Every entry should be returned unchanged, with the pictures omitted.

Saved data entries
[Start of Attachment]
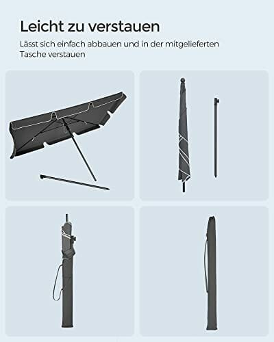 SONGMICS Parasol przeciwsłoneczny, prostokątny, 200 x 125 cm, ochrona przed promieniowaniem UV do UPF 50+, torba, z powłoką PA, do ogrodu, na taras, b
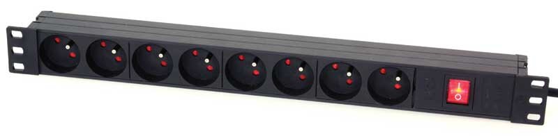 Zásuvková lišta určená pro 19" RACK * 8x zásuvka na 230V/50Hz/16A s dětskou ochranou * 1,8m prodlužovačka. Podsvícený vypínač. číst celé
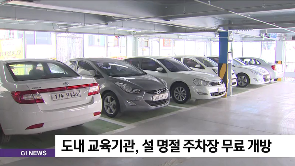설 연휴 기간 도내 교육기관과 일선 학교 등의 주차장이 무료로 개방됩니다.
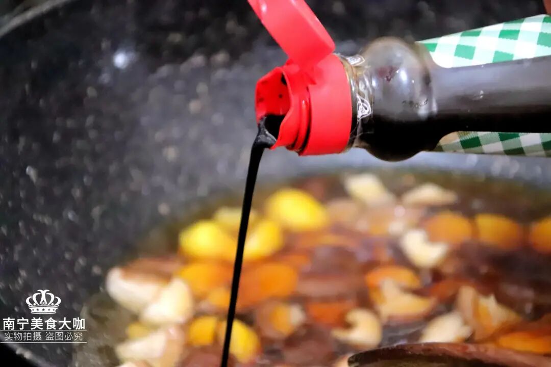 7、水烧开后,倒入1勺生抽、1勺老抽、半勺食盐调味,盖上锅盖焖煮10分钟
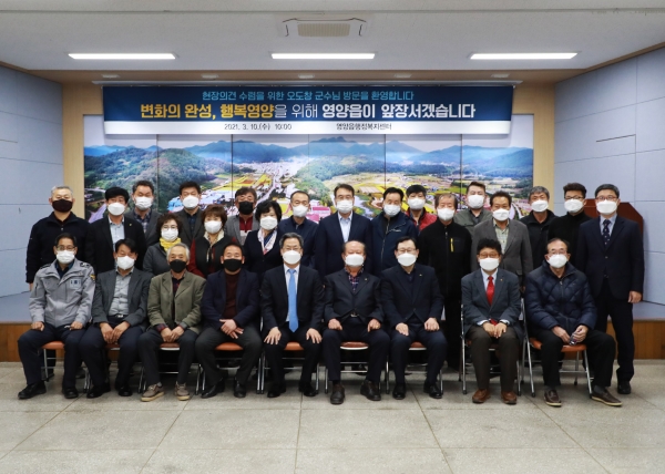 [한국Q뉴스] 오도창 영양군수는 2021년도 군정을 역동적으로 추진하기 위해 오늘부터 영양군 6개 읍·면을 순차적으로 방문해 군민과의 대화 시간을 갖는다고 밝혔다.
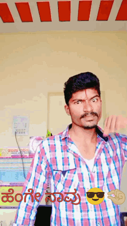 Mahi Mahesh making exaggerated and funny facial expressions in a plaid shirt.
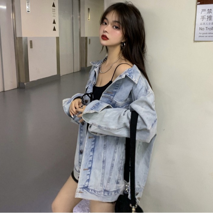 2021 Spring and autumn new Korean version retro port Wind bf long sleeve denim jacket female loose chic net red denim clothing wave
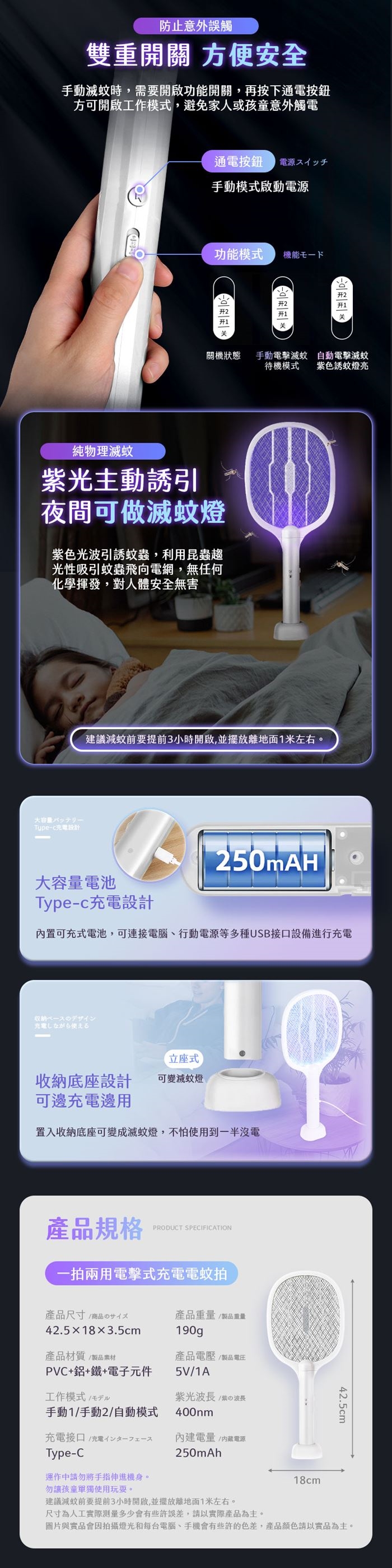 欲先將電蚊拍充電後,將蚊拍伸縮至適當位置,開啟主電源即可按押電擊按鈕電擊蚊蟲。
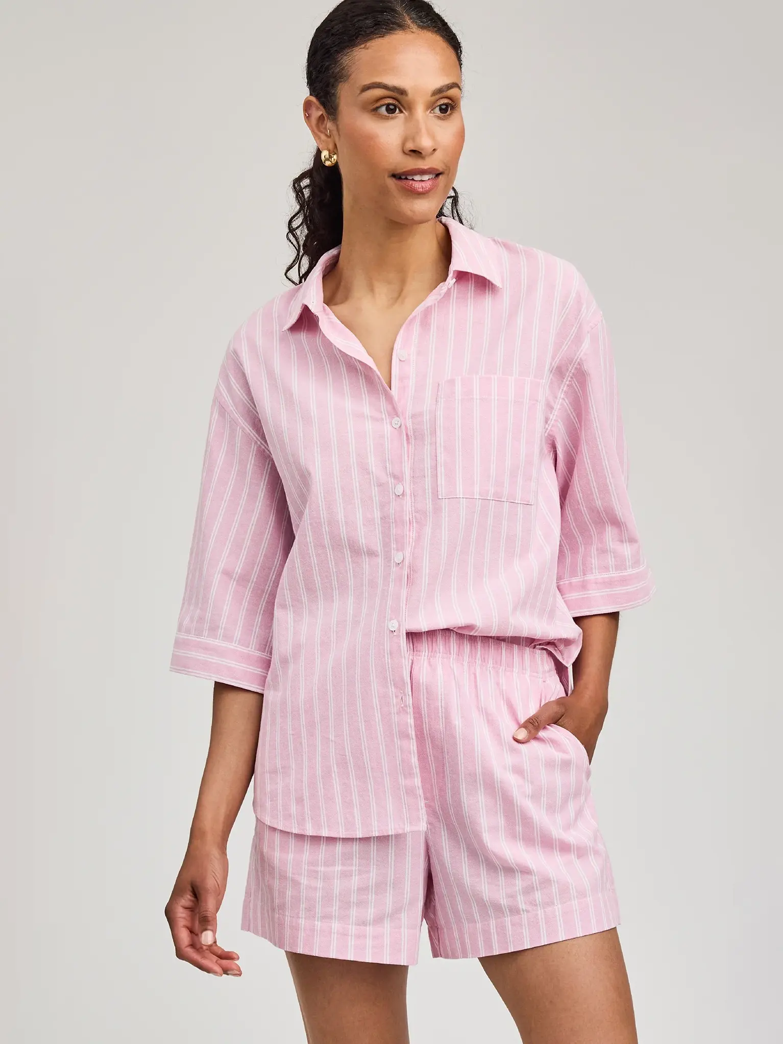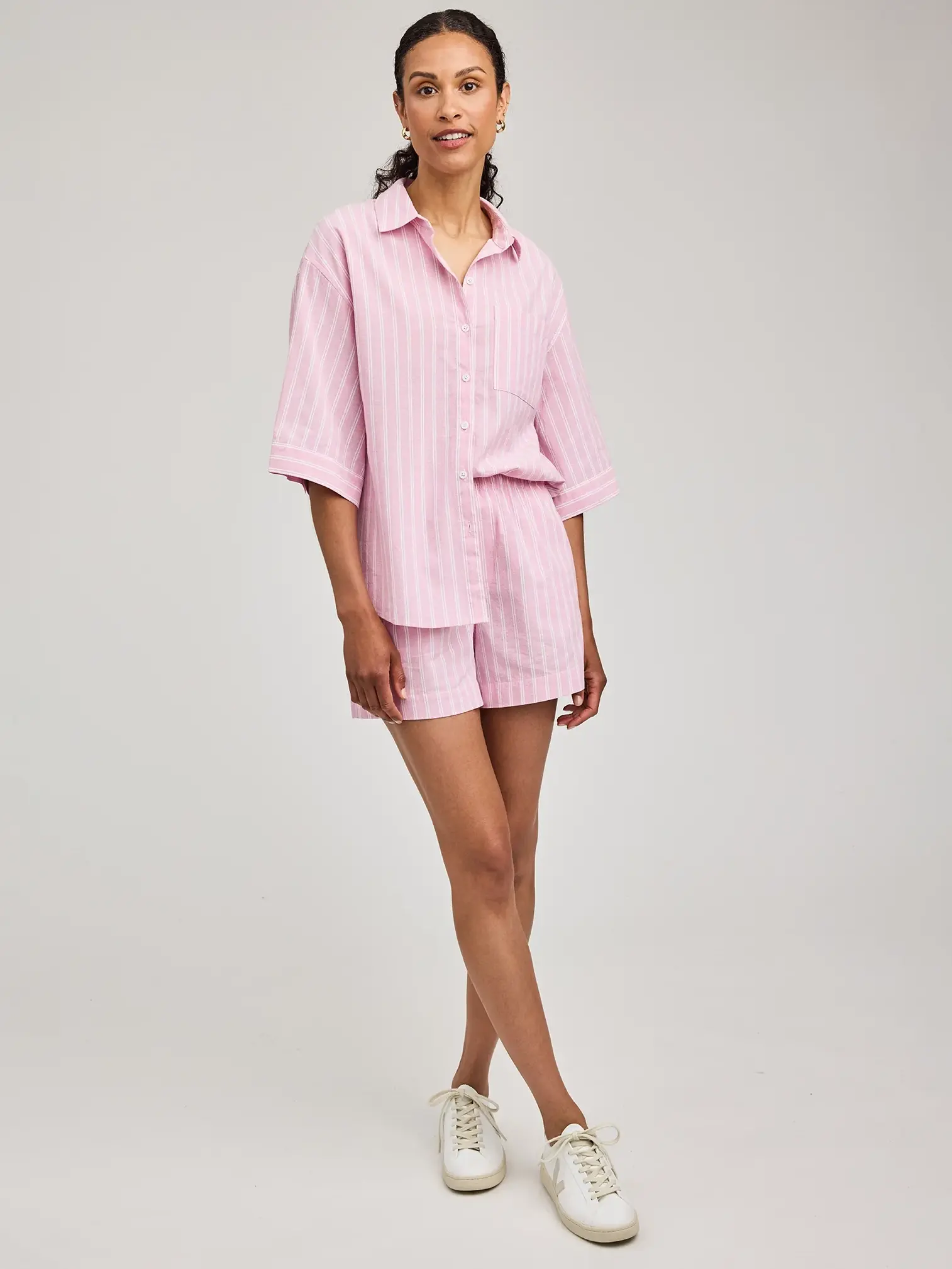 Light pink shirt with thin vertical stripes by Gentlefawn.
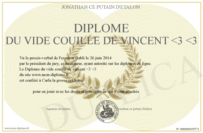 Envoyez par email votre Diplôme du vide couille de vincent -3 -3 personalisé
[End of Attachment]
## Expected answer
 SONGMICS Parasol przeciwsłoneczny, prostokątny, 200 x 125 cm, ochrona przed promieniowaniem UV do UPF 50+, torba, z powłoką PA, do ogrodu, na taras, b
 Zásuvková lišta určená pro 19" RACK * 8x zásuvka na 230V/50Hz/16A s dětskou ochranou * 1,8m prodlužovačka. Podsvícený vypínač. číst celé
설 연휴 기간 도내 교육기관과 일선 학교 등의 주차장이 무료로 개방됩니다.
 7、水烧开后,倒入1勺生抽、1勺老抽、半勺食盐调味,盖上锅盖焖煮10分钟
 [한국Q뉴스] 오도창 영양군수는 2021년도 군정을 역동적으로 추진하기 위해 오늘부터 영양군 6개 읍·면을 순차적으로 방문해 군민과의 대화 시간을 갖는다고 밝혔다.
 Mahi Mahesh making exaggerated and funny facial expressions in a plaid shirt.
 2021 Spring and autumn new Korean version retro port Wind bf long sleeve denim jacket female loose chic net red denim clothing wave
 欲先將電蚊拍充電後,將蚊拍伸縮至適當位置,開啟主電源即可按押電擊按鈕電擊蚊蟲。
 Light pink shirt with thin vertical stripes by Gentlefawn.
 Envoyez par email votre Diplôme du vide couille de vincent -3 -3 personalisé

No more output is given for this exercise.